VI. Shawn Tully, "China is  winning the trade war," The Week, August 30, 2019.
"Instead of slapping one-size-fits-all tariffs across vast categories of goods, Chinese President Xi  is targeting only products the country can't buy at comparable cost  elsewhere." "At the same time, China has lowered tariffs on every other country, making it even harder for U.S. manufacturers to compete."
VII. Evan Osnos, "Hong Kong on the March," The New Yorker, September 2, 2019.

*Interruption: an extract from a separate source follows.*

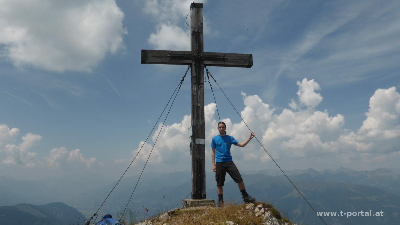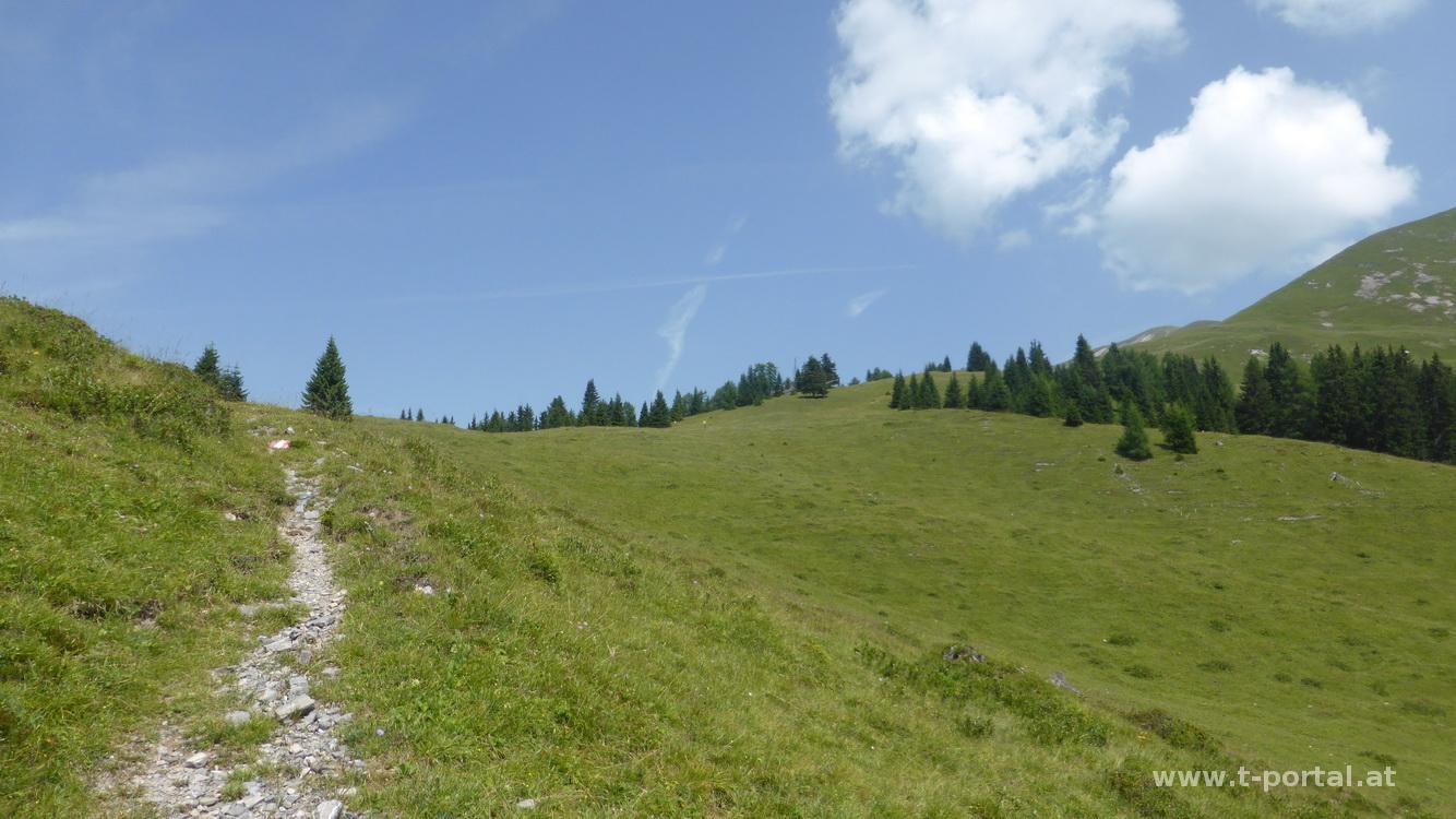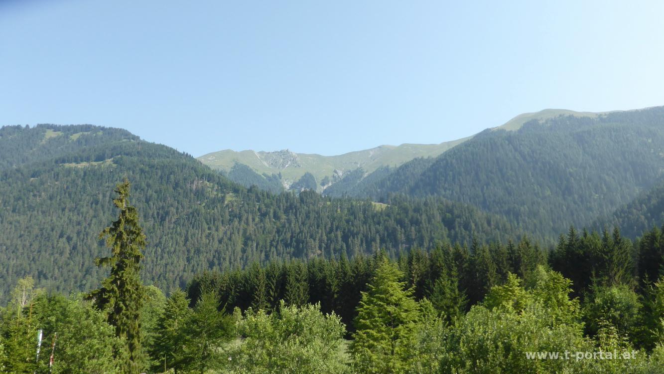 Für heute entschließe ich mich ans Ostufer des Weißensees zu fahren und von dort den Latschur zu erwandern. Nach interessanter Anreise gibt es einen großen Parkplatz und einen Weg entlang des Ostufers, vorbei an Badenden und Campern. Nach einem Stück auf der Forststraße ab auf einen Waldweg und mittelmäßig bergauf. Abwechselnd im Schatten und der Sonne geht es immer höher hinauf. Auch heute ist es warm und so raste ich das ein oder andere Mal. Nach mehrmaliger Kreuzung der Forststraße wähle ich direkten Weg zur Stosia Alm, alternativ könnte man hier zur Techendorferalm wandern und von dort weiter aufsteigen. Noch ein Stück geht es bergauf und dann steh ich auch schon neben den Kühen auf der Stosia Alm. Hier habe ich erstmals Ausblick zum Gipfelziel des Tages, dieses versteckt sich nämlich hinter dem Almspitz. Nachdem ich noch ein wenig Rast im Schatten gefunden habe, folgt der letzte Anstieg auf der westlichen Hangseite des Almspitz. Wie auch in den letzten Tagen habe ich auch hier wieder eine schwarze Markierung gefunden, die wachsen wohl hier irgendwo :-). Vorbei an einigen Schafen erfolgt der letzte Aufschwung zum Gipfelkreuz mit schönem Ausblick zum Goldeck mit Sender, der Ankogelgruppe und vielen anderen Bergen. Unweit meines Standorts seh' ich auch ein weiteres Gipfelkreuz auf der Eckwand und entschließe mich dort noch rüber zu wandern.

Since taking power in 2012, President Xi has set about extinguishing all challenges to his authority. He has abolished term limits on his Presidency, detained hundreds of activists and human-rights lawyers, and oversees an anti-corruption purge that has punished 1.5 million members of his own party." "A crackdown would also undermine Xi's larger mission: to convince the world that China is a credible contender for global leadership in the age of Trump."
ADDENDUMS:
*While defending his since-canceled plan to hold this year's G-7 Summit at his Doral, Florida resort, Trump referred to the "phony emoluments clause" in the Constitution.
*At least a dozen states,including Florida and much of the Southwest states have passed legislation since 2011 to block efforts to require medical leave.
*Lalami: The Trump administration quietly designated Customs and Border Protection a security agency, shielding many of its documents from public scrutiny.